Online stores are able to offer attractive discounts and larger variety. Increase in the number of Internet users is expected to boost prospects.
The main challenges are customers’ desire to actually see the products they are buying, especially perishables, and dependable computer systems.
According to the National Restaurant Association of India, food service will be worth nearly $68 billion by 2018.
The number of fine dining, casual dining, and quick service restaurants is growing in cities. Younger professionals are their biggest customers. Home delivery and takeaways are also gaining popularity.
The challenges are real-estate prices; lack of availability of personnel with knowledge of basic service etiquette; electricity and water supply; sourcing of raw foodstuff; and the number of licences needed.
The Indian dairy sector was estimated to be worth $70 billion in mid-2015. The growth is mainly owing to the White Revolution. India will likely produce 180 million tonnes of milk worth $135 billion by 2020. Technology has come to the aid of the dairy sector, with ultra-high-temperature processing, aseptic packaging, and membrane processing. The main challenges for the sector are rising prices of fodder and lower milk yield of Indian cows and buffaloes.
India has a cold storage capacity of 30 million tonnes in 6,000 units, 90 percent of them owned by private companies. The demand is expected to increase to over 45 million tonnes. Lack of skilled manpower to handle food according to the norms is a major challenge.
The Indian Brand Equity Foundation (IBEF) quotes figures from the Department of Industrial Policies and Promotion to say that the food processing sector received foreign investments of $6.4 billion from April 2000 to June 2015. The CII believes that the food sector has the potential to receive investments worth $33 billion before 2025.

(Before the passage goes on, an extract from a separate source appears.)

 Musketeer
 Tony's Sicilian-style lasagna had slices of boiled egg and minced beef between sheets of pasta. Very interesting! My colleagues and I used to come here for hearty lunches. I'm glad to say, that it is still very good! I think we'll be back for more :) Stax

Among the recent major investments likely in the sector is Amul’s plan to invest $753 million to set up ten milk-processing plants and improve existing plants to scale up milk production to 32 million litres per day by 2020 and ITC’s decision to invest $120 million to set up a food processing unit in Telangana.
The government has prepared a Vision Document 2015 to promote food processing industries. It has set up a $20 million international food park in Punjab and is planning 42 “mega food parks.”

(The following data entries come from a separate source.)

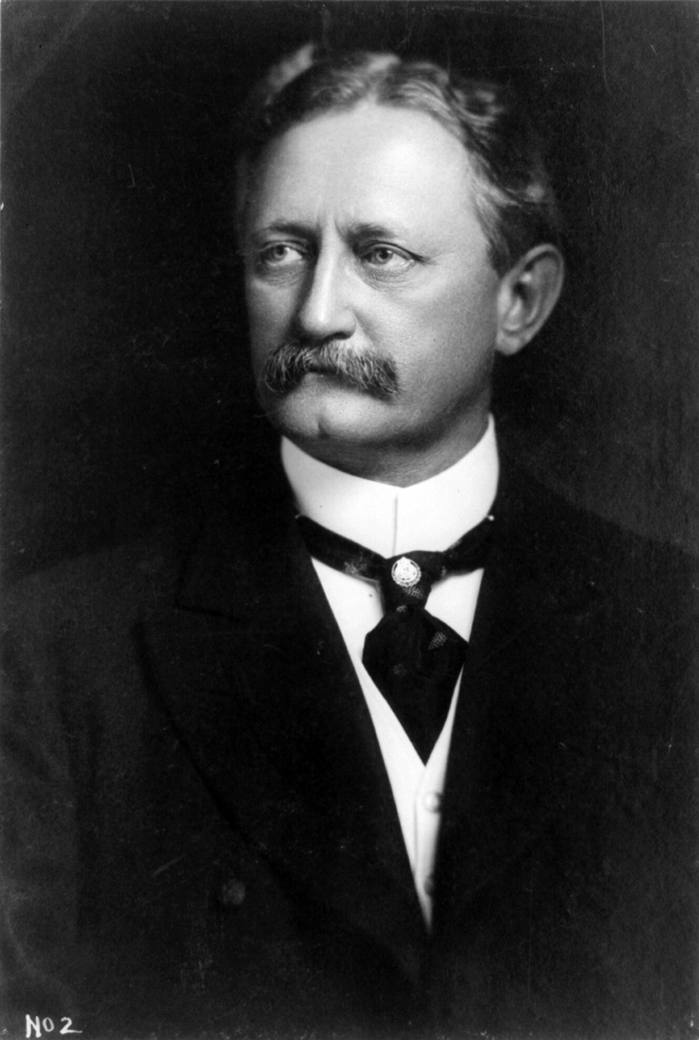 David Rowland Francis. Sectary of Interior, Governor of Missouri
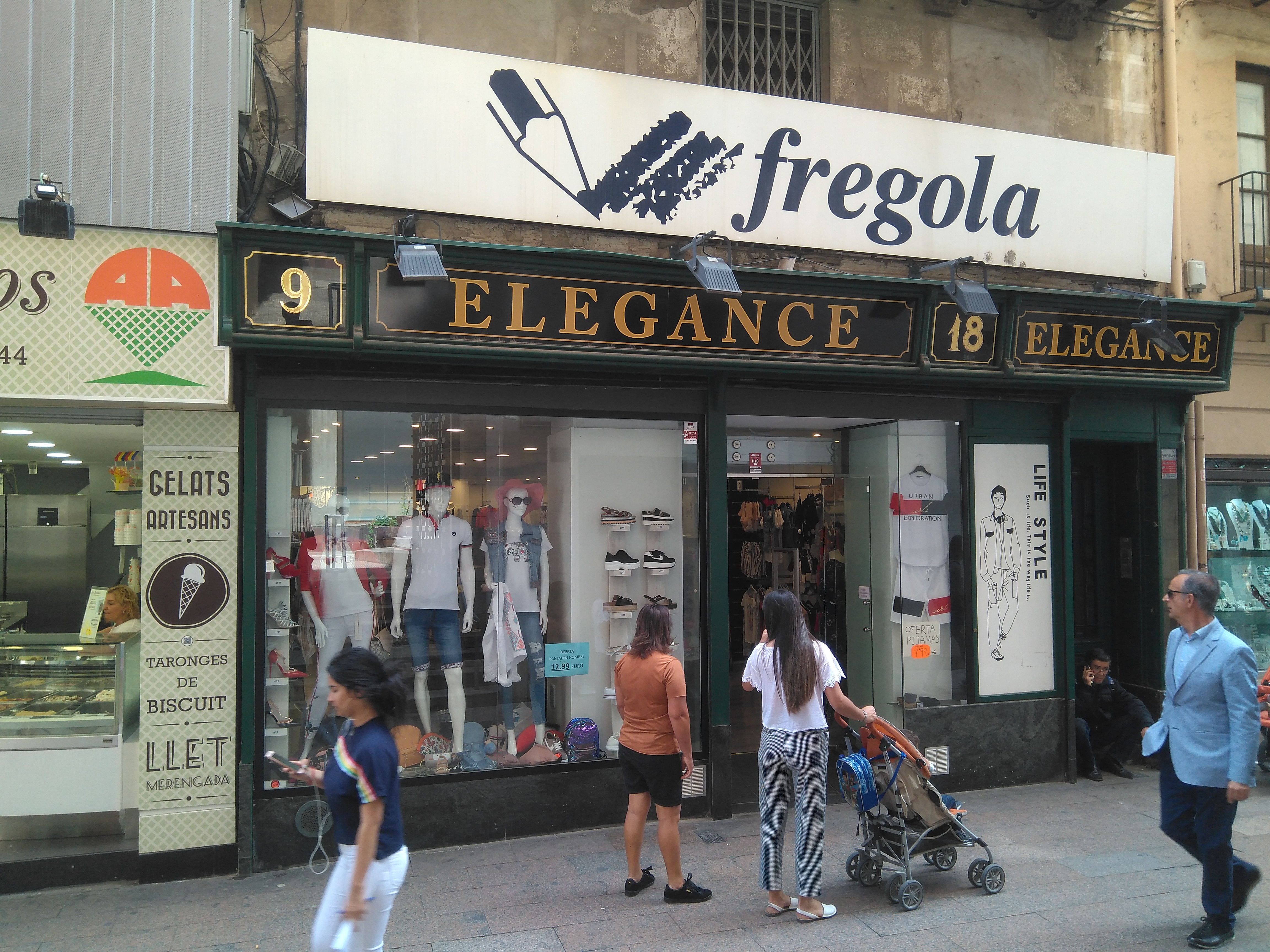 Casa Fregola in Lleida. Once the city's oldest bookshop, having been open for over one hundread years, it closed its doors in 2014. Its modernista or art nouveau façade and shop window are still visible.
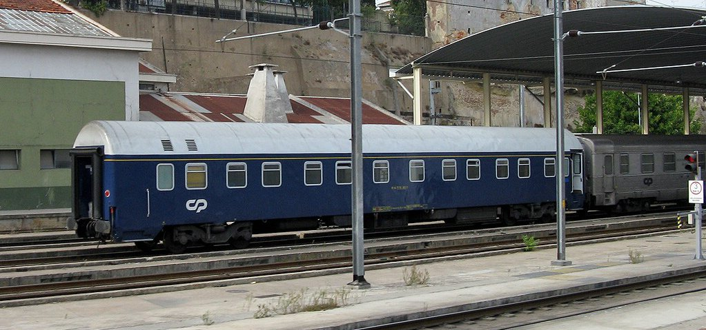 U Hansa sleeping car of CP
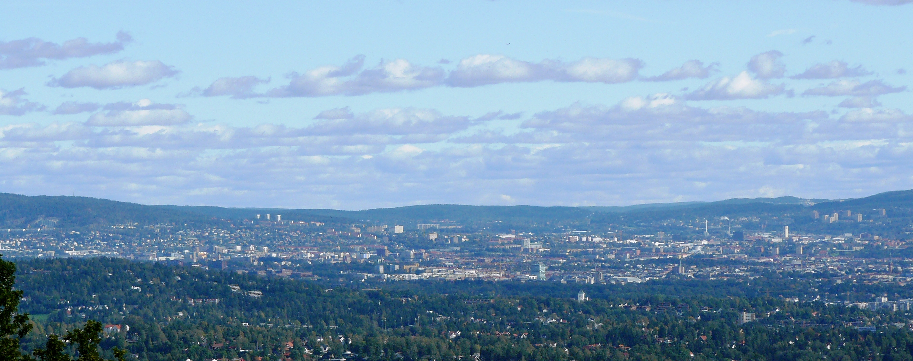 Groruddalen in Oslo, Norway
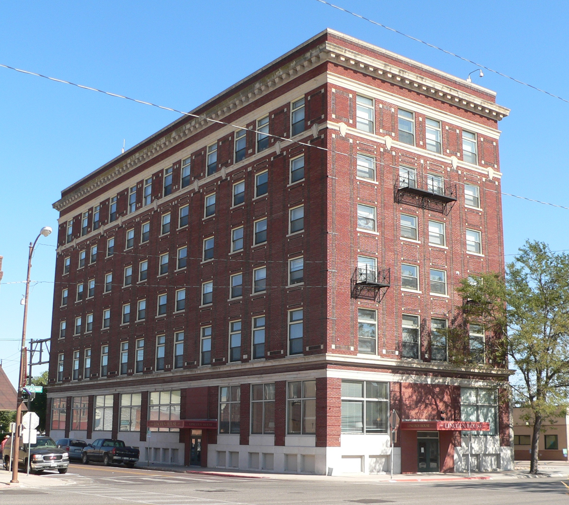 Lincoln Hotel at southeast corner of 14th Street and Broadway in Scottsbluff, Nebraska; seen from the northwest. The Classical Revival building was constructed in 1918. It is listed in the National Register of Historic Places.
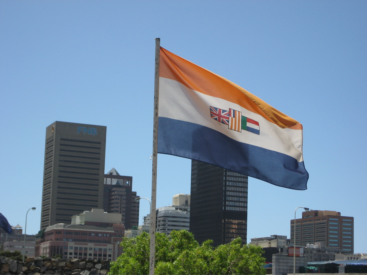 Flags on the Castle of Good Hope The 1928-1994 South African flag flying at the Castle of Good Hope in Cape Town
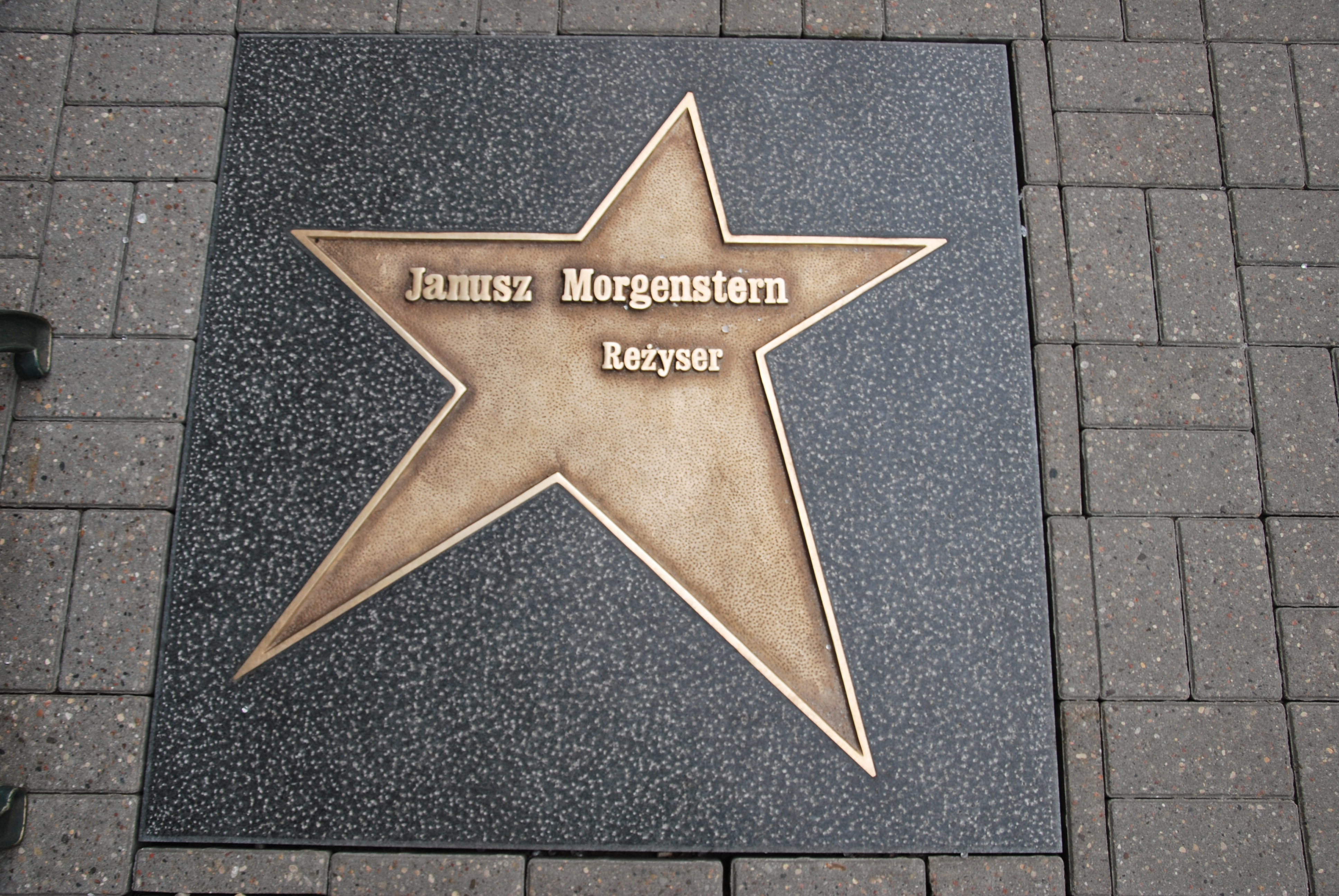 Star of Janusz Morgenstern, polish film director and producer, on Łódź Walk of Fame

More degree courses in food processing and an entrepreneurship programme are to be started and training centres set up.
The Union Budget for 2015-16 unveiled a corpus fund of ₹2,000 crore to provide cheaper credit. The excise duty on plant and machinery has been reduced to 6 percent from 10 percent.
Most importantly, for consumers, the Food Safety and Standards Authority of India has issued regulations quality and safety standards for food products.
Global trends in F&B
Taxes and regulations
With consumer awareness growing, more governments are cracking down on unhealthy foods. Regulators in some countries have imposed taxes on some items in order to increase their prices and thereby bring down consumption.

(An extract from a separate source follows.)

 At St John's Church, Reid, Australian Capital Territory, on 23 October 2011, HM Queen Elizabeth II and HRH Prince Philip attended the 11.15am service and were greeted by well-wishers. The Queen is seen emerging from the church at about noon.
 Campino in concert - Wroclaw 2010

Consumers: Consumers are persuading the food industry to try to tempt them with nutrition rather than taste. No wonder then that the global health food market is estimated to touch $1 trillion in 2017 and the health drinks market $400 billion in 2016.
Customers are now more discerning and have ample data on the Internet to make good choices. This and the convenience factor are persuading more people to buy food online.
Companies are turning to recyclable packaging material and sustainable processes for the sake of the environment. They are trying to minimise the use of electricity and water and reduce wastage of food.
Jobs in the F&B industry
Positions in the food sector range from chef and food scientist to quality assurance and supply chain management professional at hotels and restaurant chains and supermarkets and retail stores.
Although many jobs do not require special qualification, a degree or diploma in food sciences does improve the candidate’s CV.
Various courses, including BSc in food technology, nutrition, and food service management, and specialisations in bakery, beverages, etc., are available in colleges. However, the job aspirant should realise that the food industry is a hard taskmaster.